I'm pretty sure I remember some older SCSI disks having that problem too.
but there are obvious fixes, and vendors know about this and treat
it as a marketing feature, so everyone's happy ;)
(personally, I don't often have SATA disks in raid which are actually
busy all the time. but we're an academic HPC site, so don't have
anything like 24x7 DB activity, or CERN-like streams of data...)
> But if my customer wants 15K disks, I am going to get them for him/her.
> I am not going put the effort in convincing them to go with SATA. You
> pick your battles even when serving them.
I'm thankful that in most ways, I'm a customer, not on the other side ;)

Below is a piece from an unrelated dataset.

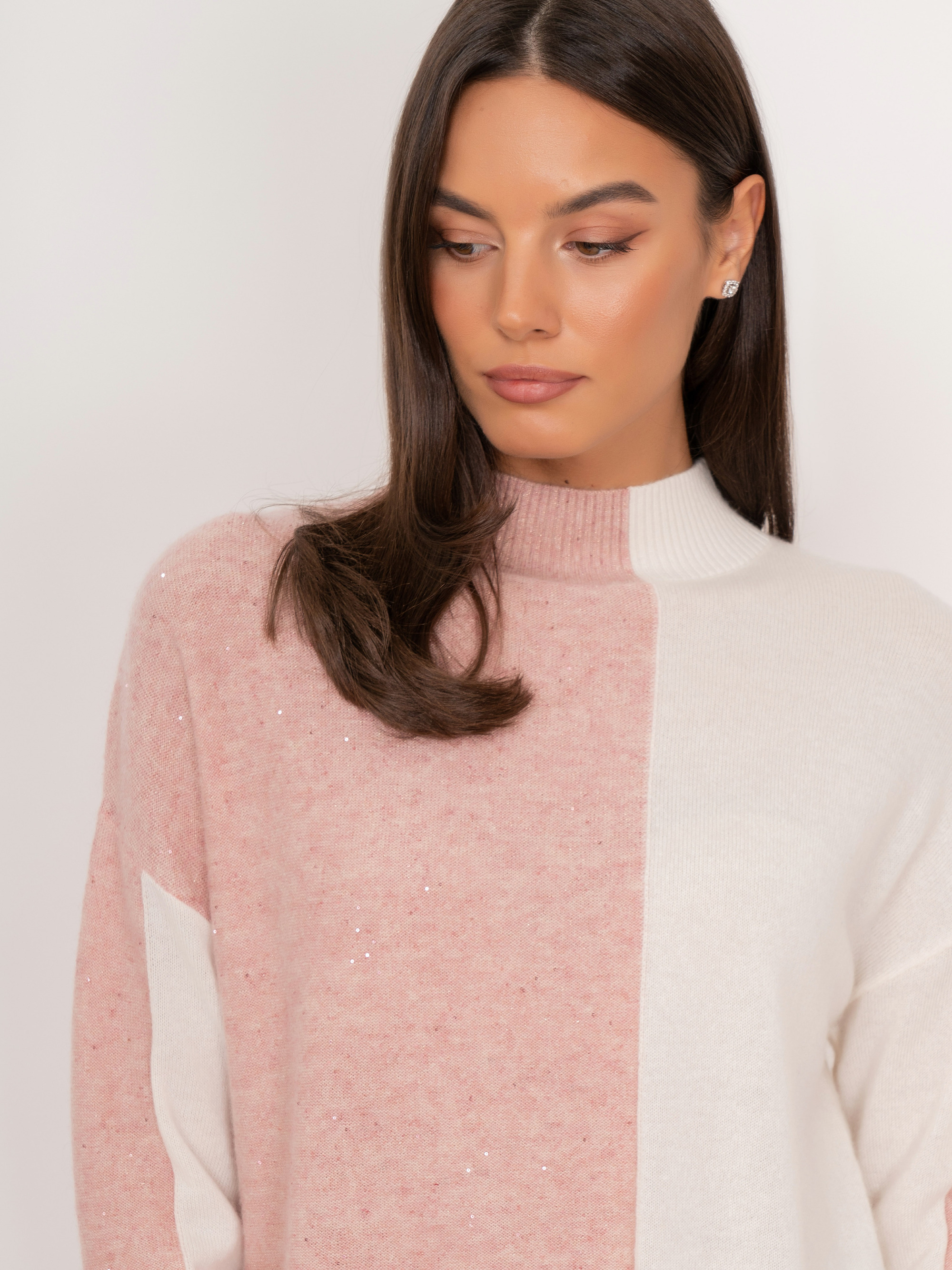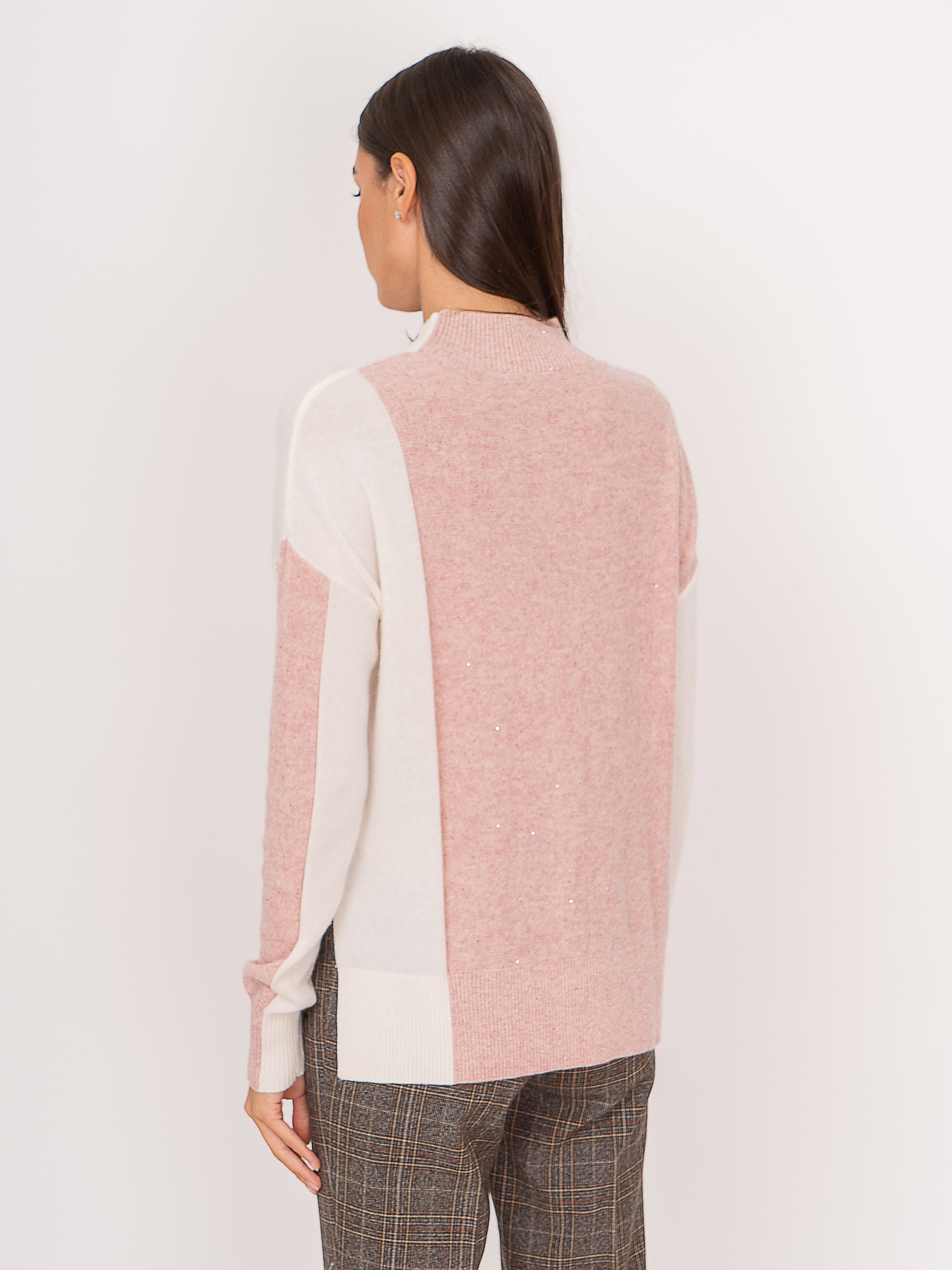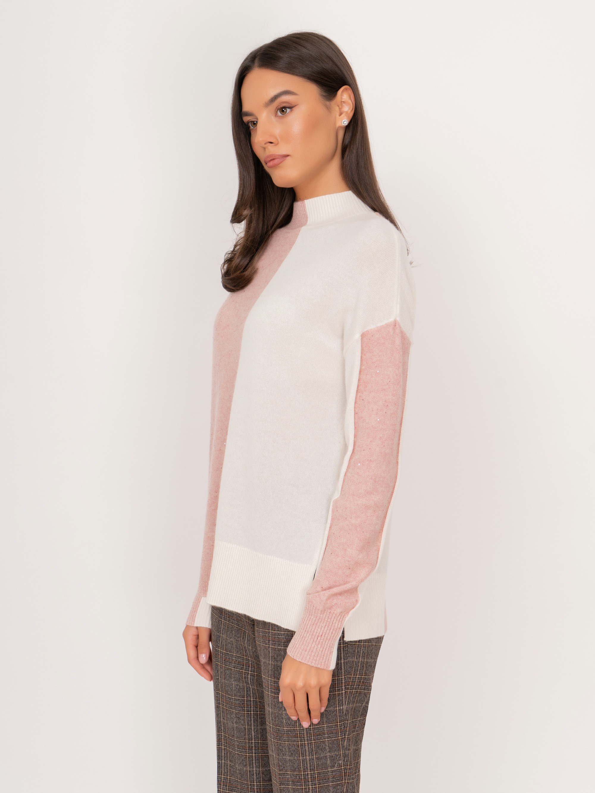 На сайте указаны российские размеры. Прямой шерстяной бело-розовый свитер с воротником воронка, с длинным рукавом, с боковыми разрезами, с паетками. Рост модели: 175 см. Длина джемпера: 61 см.

but it's worthwhile to note that SCSI disks are still dramatically
more expensive than SATA. yes, there are reasons, but even so,
price/performance is a pretty strong argument...
> Large SATA array vs. Large SCSI array, same vendor. It appears that the
> SCSI disks were a bit more reliable. I wish I had more numbers to back it
> up, but that is what it seemed like. I don't buy any of the vendor
> numbers.
well, for what it's worth, my organization bought something like 6k
SATA disks over the past year, and have seen pretty sparse failures.
(unfortunately, our book-keeping is probably not good enough...)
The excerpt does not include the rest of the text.